(YOUR GOAL):
Below are entries with pictures among them; reproduce exactly, and only, the lines from the one containing "Once you have" down to the one containing "Plus Size Christmas", without the pictures.

─── MATERIAL PROVIDED

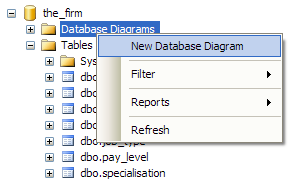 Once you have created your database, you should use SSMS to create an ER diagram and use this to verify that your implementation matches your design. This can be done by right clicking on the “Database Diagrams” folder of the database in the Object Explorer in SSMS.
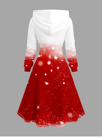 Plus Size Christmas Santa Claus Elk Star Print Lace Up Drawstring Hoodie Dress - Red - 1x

──────
─── MATERIAL PROVIDED

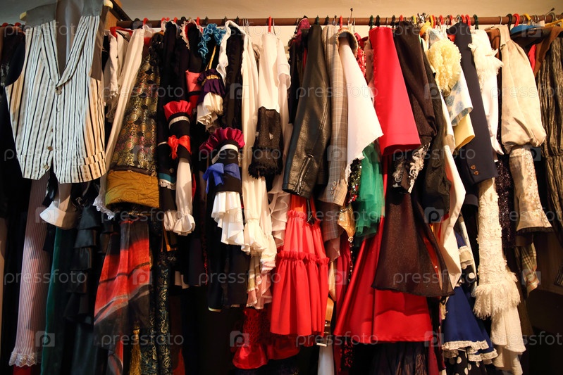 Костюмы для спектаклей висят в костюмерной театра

──────

(EXERCISE SOLUTION):
 Once you have created your database, you should use SSMS to create an ER diagram and use this to verify that your implementation matches your design. This can be done by right clicking on the “Database Diagrams” folder of the database in the Object Explorer in SSMS.
 Plus Size Christmas Santa Claus Elk Star Print Lace Up Drawstring Hoodie Dress - Red - 1x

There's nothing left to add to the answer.